Instructions to follow
All of the records that follow need to be copied word for word, without the pictures.

[[ Provided data open ]]

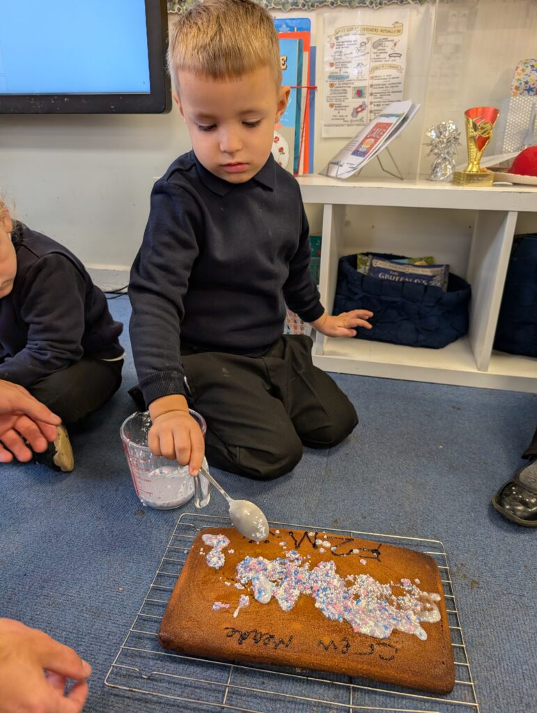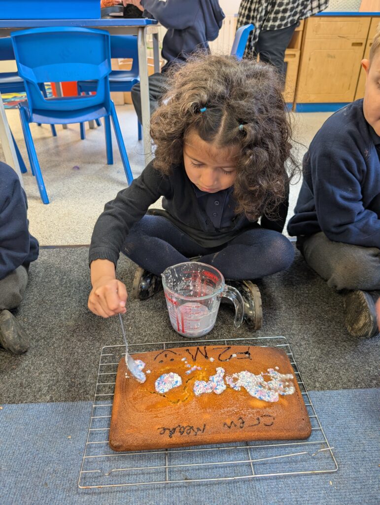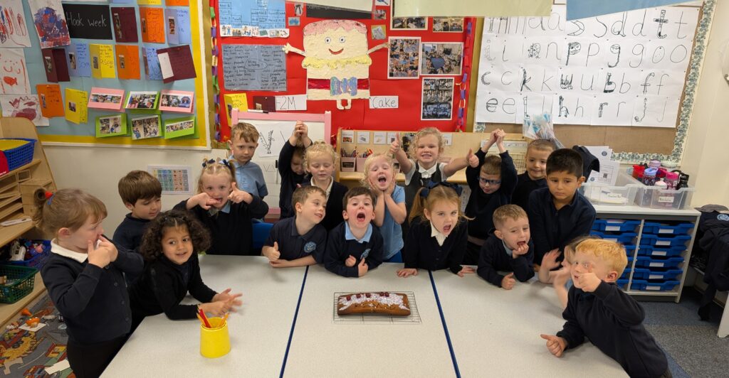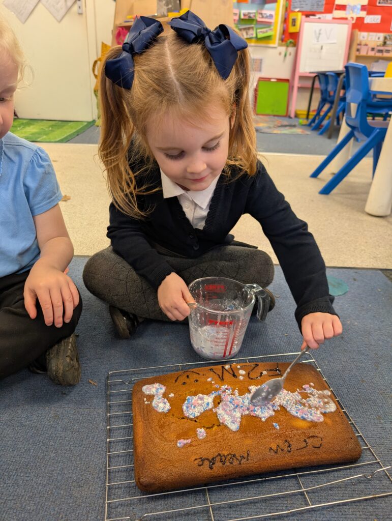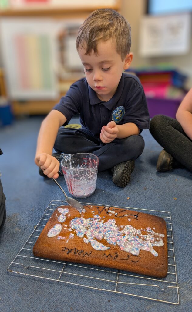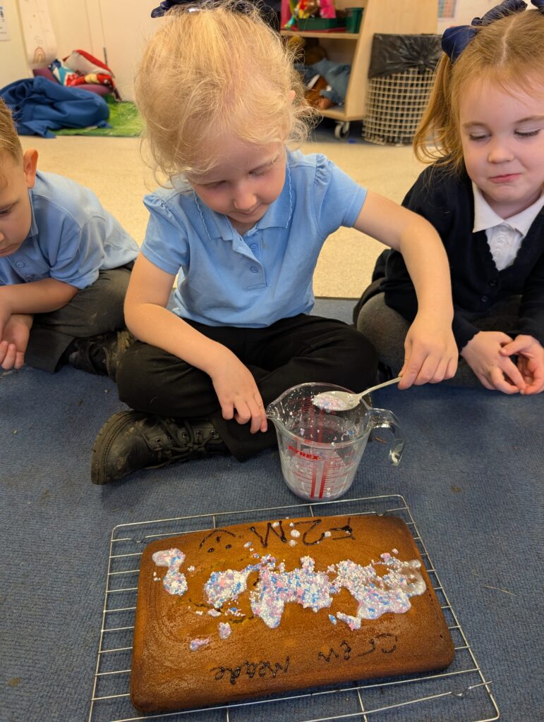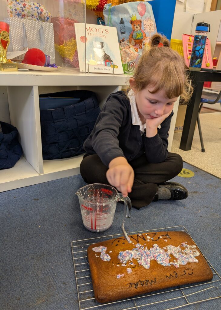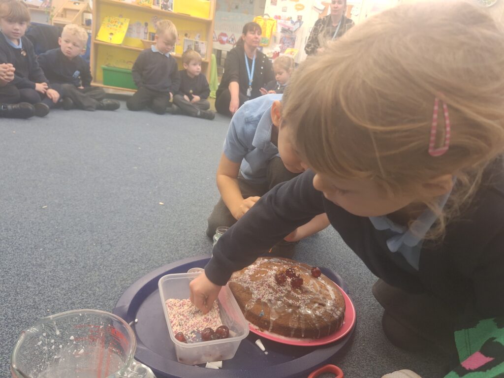 Thank you to Grandma Shereen, our expert baker who helped bake a cake with F2 this morning. We used ‘Its my birthday’ book to help get the correct ingredients. Then our book ‘Cake’ to make and decorate our cake. #LovePlover
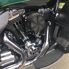 The accessories that have been added are as follows; HD Tinted Windsplitter windshield, HD Chrome Windshield Trim, HD Chrome Gauge Trim Kit, HD Adjustable Hwy pegs, HD Riders Backrest, HD Chrome Tour[ak tqil light tim, HD Smoked LED Tail light, HD Chrome Passenger Floor board coversHD Electro-Glo saddlebag LED filler lights, 4” Rinehart Chrome Mufflers and a Custom Stage 1 Air Cleaner Kit
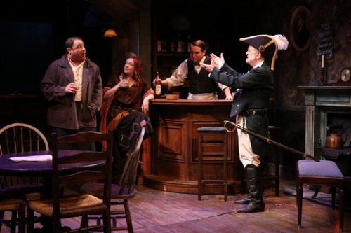 The title of the play refers to the flag of the Irish Citizen Army (ICA), a socialist paramilitary group that O’Casey left a couple of years before the Easter Rising. O’Casey’s ambivalence toward his former ideological brethren reveals itself most strongly in the antagonistic relationship between Peter Flynn (Robert Langdon Lloyd), an aging, ardent, and foolish nationalist who looks like he’s ready to do battle in The Pirates of Penzance, and Covey (James Russell), a callow socialist whose ideas might carry more weight if he didn’t always frame them as put-downs. Caught in the middle is Fluther Good (Michael Mellamphy), a decent bloke as amiable as his name who is apparently willing to wind up wherever fate takes him.
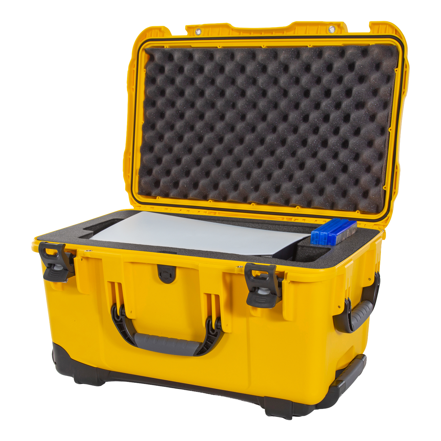 Built from NK-7 resin, the NANUK 938 is both lightweight and indestructible. Rounded corners and reinforced edges provide added protection against drops and shocks. Stainless-steel hardware, PowerClaw latches, and soft-grip handles guarantee reliability and ease of use.
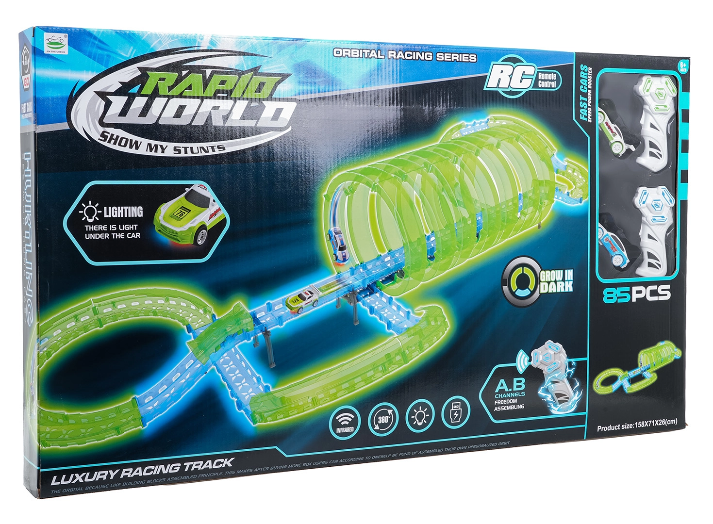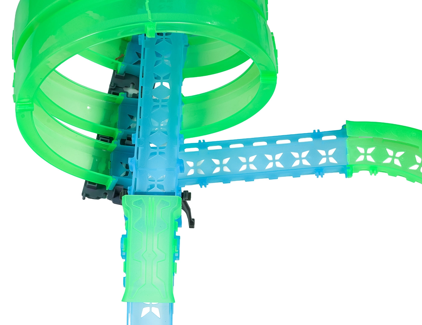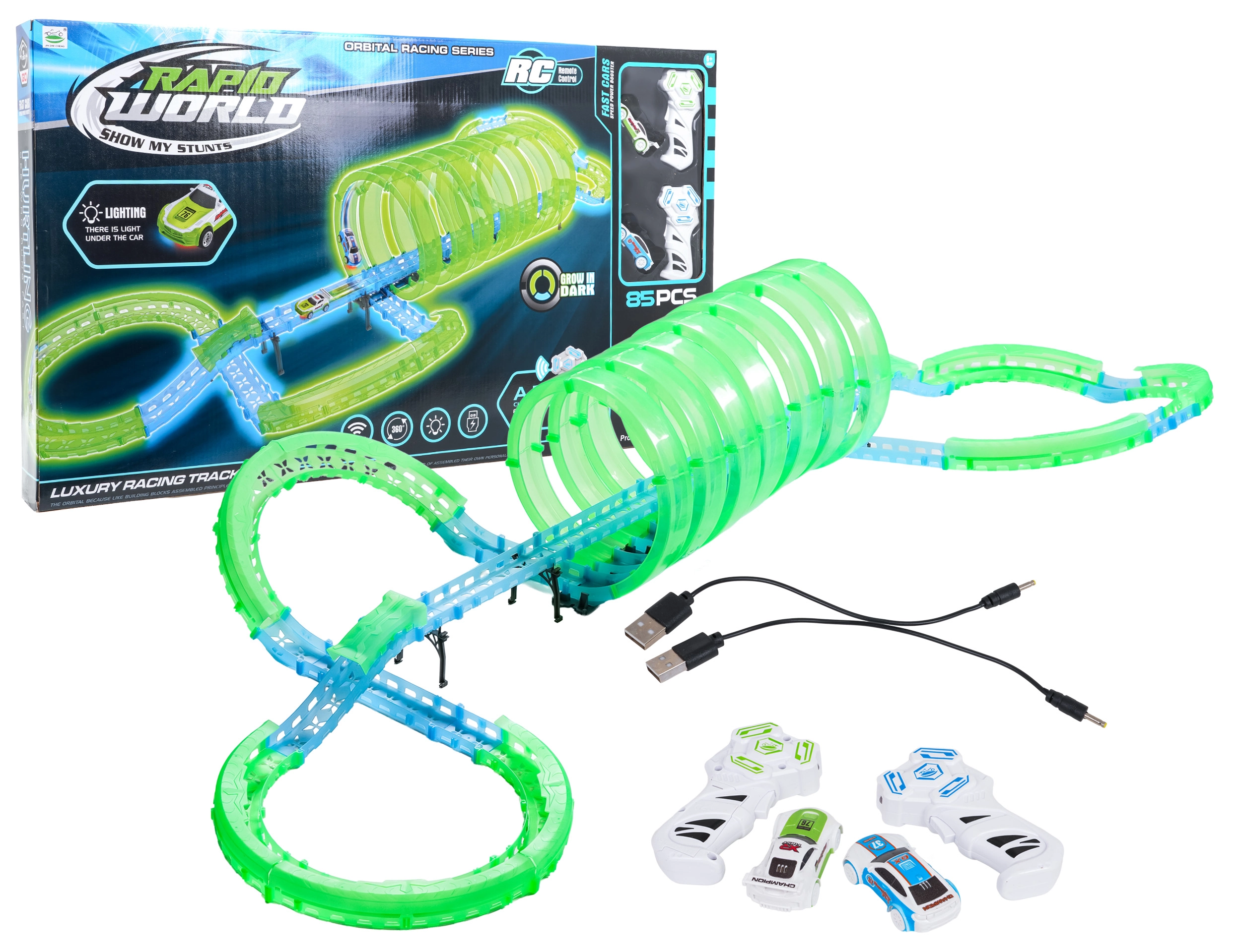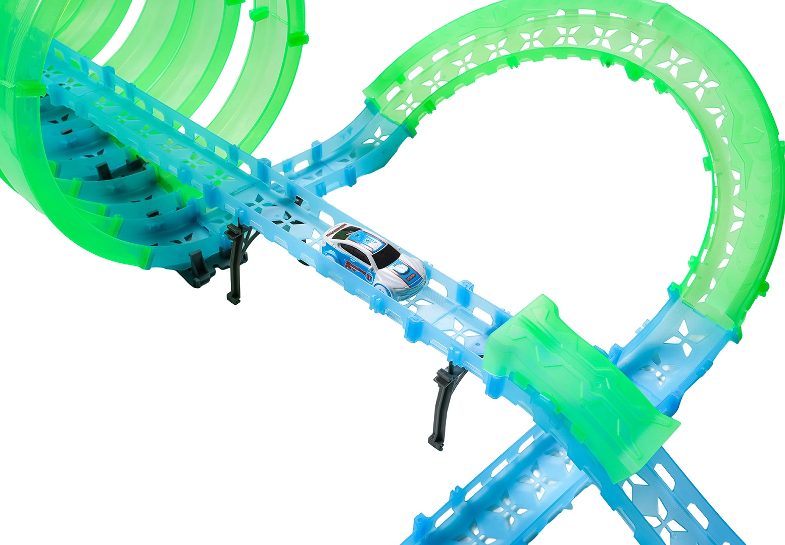 Táto modulárna pretekárska dráha zo svetlovodných dielov v neónovo zelenej a modrej farbe sa ľahko zacvakáva a umožňuje rýchle prestavby. Fluorescenčný materiál sa po nasvietení rozžiari a v kombinácii s LED autíčkami premení izbu na pútavú svetelnú arénu.
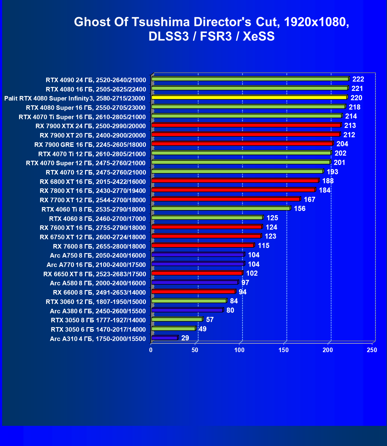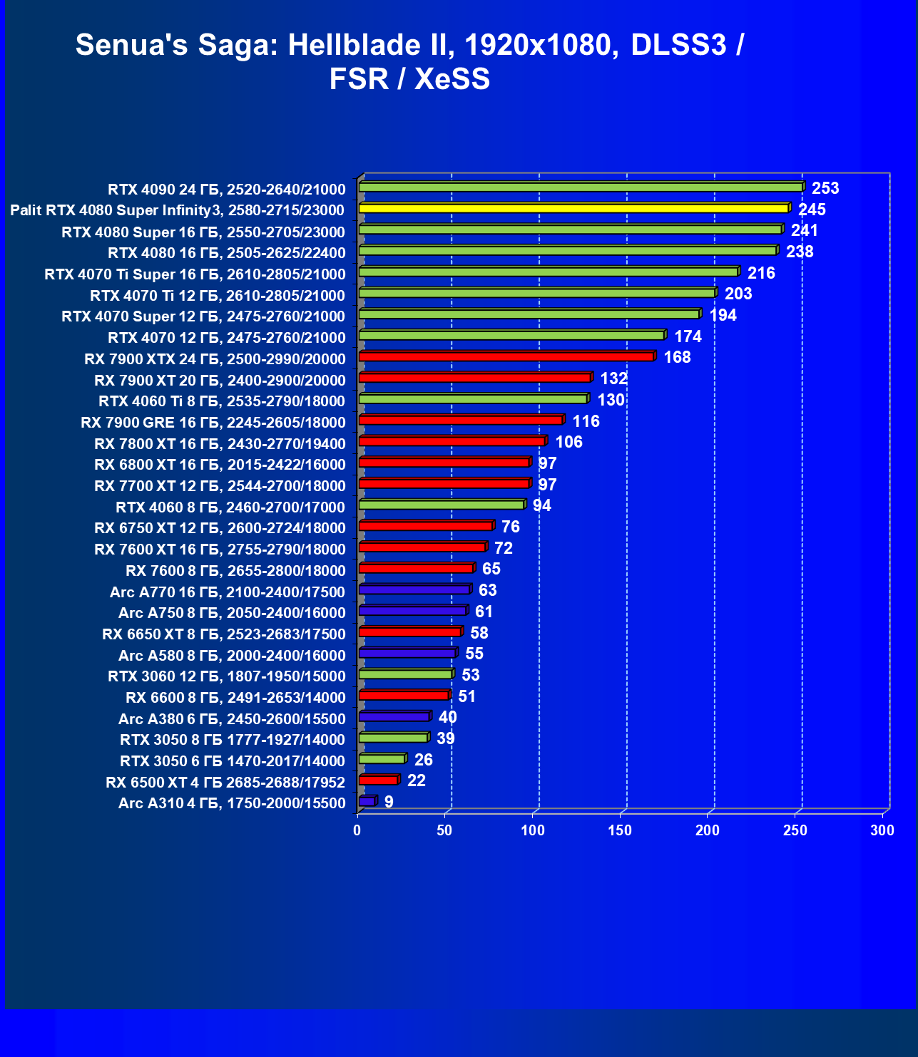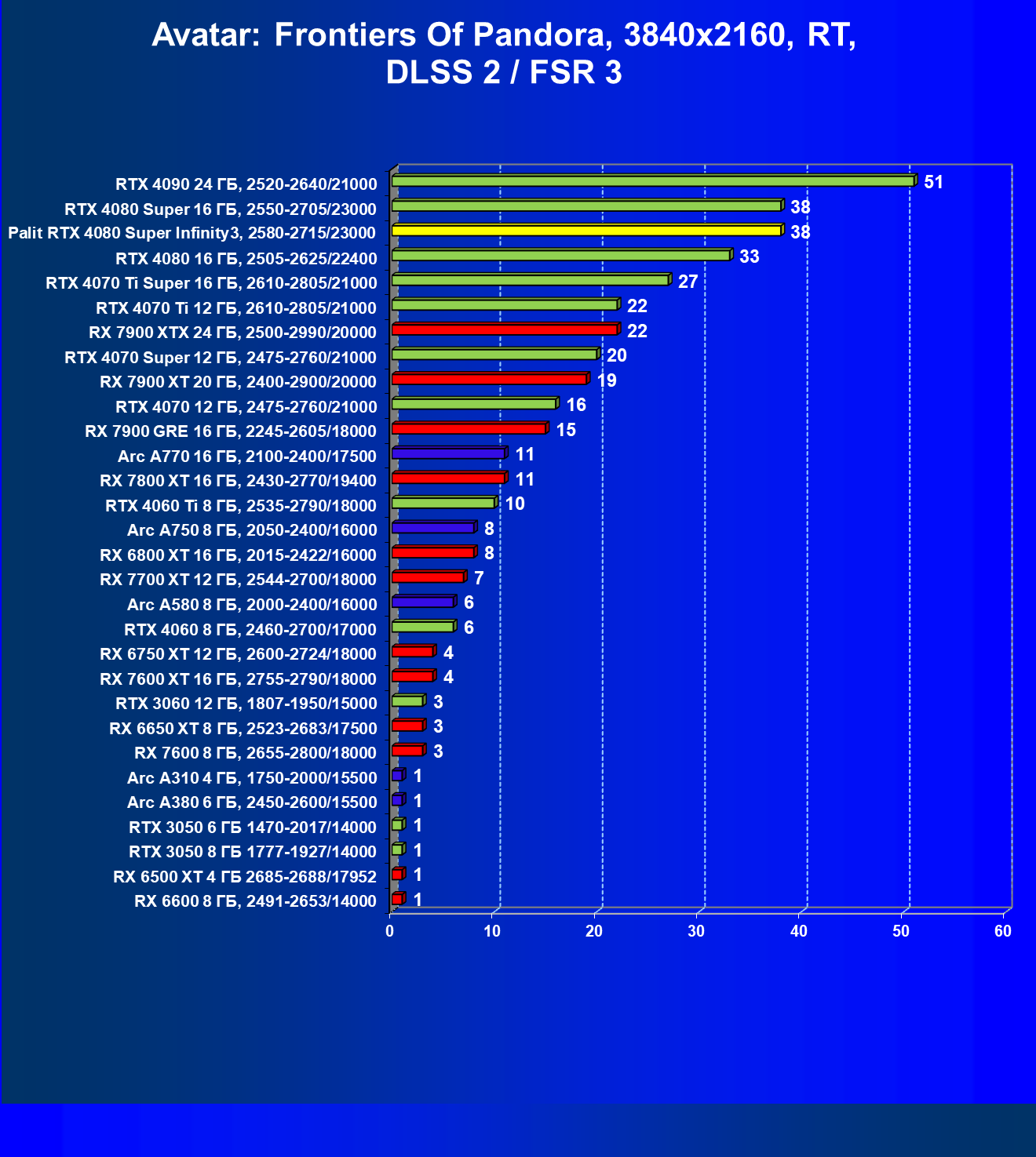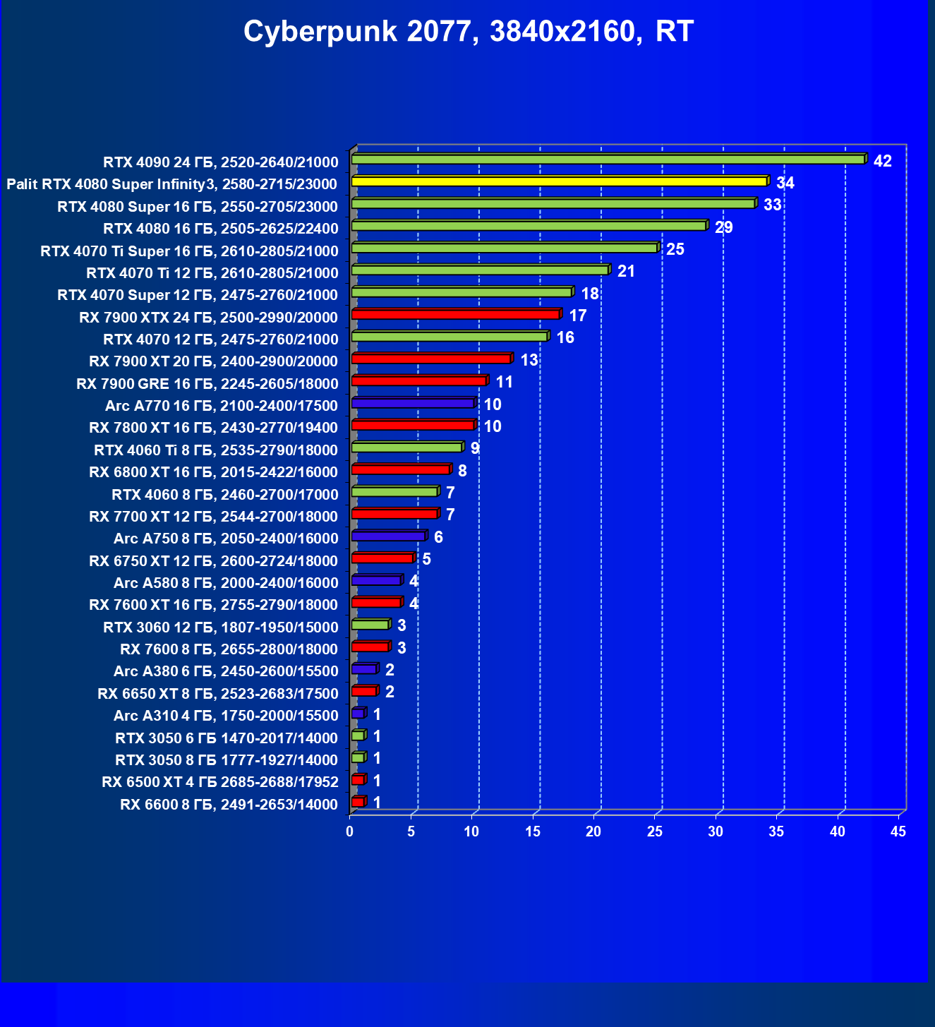 | 17 | Palit RTX 4080 Super Infinity3, 2580—2715/23000 | 372 | 4317 | 116 000 |
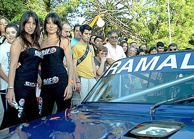 Juan María Traverso visitó la ciudad de General Pico auspiciado por la firma local «El Surco Tractores», promocionando la marca de lubricantes «Elf». Muchos seguidores se acercaron a solicitar un autógrafo al ídolo del automovilismo, que estuvo siempre acompañado por las tres «máquinas» que vemos en la foto: el Torino y las dos bellezas que llevaron los relojes a más 7.000 rpm. |

[[ Provided data closed ]]

Answer space
 Thank you to Grandma Shereen, our expert baker who helped bake a cake with F2 this morning. We used ‘Its my birthday’ book to help get the correct ingredients. Then our book ‘Cake’ to make and decorate our cake. #LovePlover
 The accessories that have been added are as follows; HD Tinted Windsplitter windshield, HD Chrome Windshield Trim, HD Chrome Gauge Trim Kit, HD Adjustable Hwy pegs, HD Riders Backrest, HD Chrome Tour[ak tqil light tim, HD Smoked LED Tail light, HD Chrome Passenger Floor board coversHD Electro-Glo saddlebag LED filler lights, 4” Rinehart Chrome Mufflers and a Custom Stage 1 Air Cleaner Kit
 The title of the play refers to the flag of the Irish Citizen Army (ICA), a socialist paramilitary group that O’Casey left a couple of years before the Easter Rising. O’Casey’s ambivalence toward his former ideological brethren reveals itself most strongly in the antagonistic relationship between Peter Flynn (Robert Langdon Lloyd), an aging, ardent, and foolish nationalist who looks like he’s ready to do battle in The Pirates of Penzance, and Covey (James Russell), a callow socialist whose ideas might carry more weight if he didn’t always frame them as put-downs. Caught in the middle is Fluther Good (Michael Mellamphy), a decent bloke as amiable as his name who is apparently willing to wind up wherever fate takes him.
 Built from NK-7 resin, the NANUK 938 is both lightweight and indestructible. Rounded corners and reinforced edges provide added protection against drops and shocks. Stainless-steel hardware, PowerClaw latches, and soft-grip handles guarantee reliability and ease of use.
 Táto modulárna pretekárska dráha zo svetlovodných dielov v neónovo zelenej a modrej farbe sa ľahko zacvakáva a umožňuje rýchle prestavby. Fluorescenčný materiál sa po nasvietení rozžiari a v kombinácii s LED autíčkami premení izbu na pútavú svetelnú arénu.
 | 17 | Palit RTX 4080 Super Infinity3, 2580—2715/23000 | 372 | 4317 | 116 000 |
 Juan María Traverso visitó la ciudad de General Pico auspiciado por la firma local «El Surco Tractores», promocionando la marca de lubricantes «Elf». Muchos seguidores se acercaron a solicitar un autógrafo al ídolo del automovilismo, que estuvo siempre acompañado por las tres «máquinas» que vemos en la foto: el Torino y las dos bellezas que llevaron los relojes a más 7.000 rpm. |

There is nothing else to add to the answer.